Listed records »

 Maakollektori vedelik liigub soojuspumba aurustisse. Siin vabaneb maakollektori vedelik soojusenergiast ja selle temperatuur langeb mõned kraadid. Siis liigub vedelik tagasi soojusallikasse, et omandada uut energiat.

==

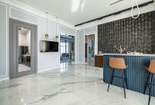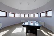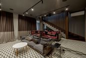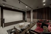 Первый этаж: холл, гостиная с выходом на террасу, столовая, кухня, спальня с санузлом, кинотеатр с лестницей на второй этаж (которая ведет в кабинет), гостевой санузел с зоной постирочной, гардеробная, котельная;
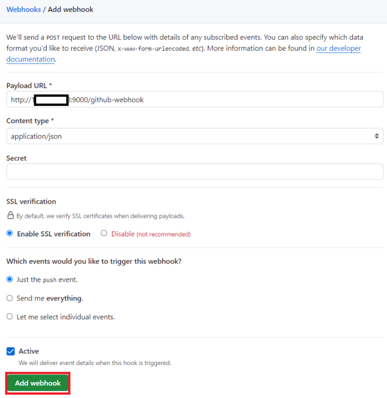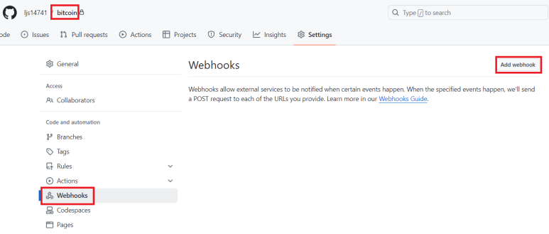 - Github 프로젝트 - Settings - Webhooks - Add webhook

Aim of the exercise » Transcribe exactly the lines above, beginning at the one with "Первый этаж: холл, гостиная" and going up to and including the one with "- Github 프로젝트". Pictures do not belong in the copy.

Completed task »
 Первый этаж: холл, гостиная с выходом на террасу, столовая, кухня, спальня с санузлом, кинотеатр с лестницей на второй этаж (которая ведет в кабинет), гостевой санузел с зоной постирочной, гардеробная, котельная;
 - Github 프로젝트 - Settings - Webhooks - Add webhook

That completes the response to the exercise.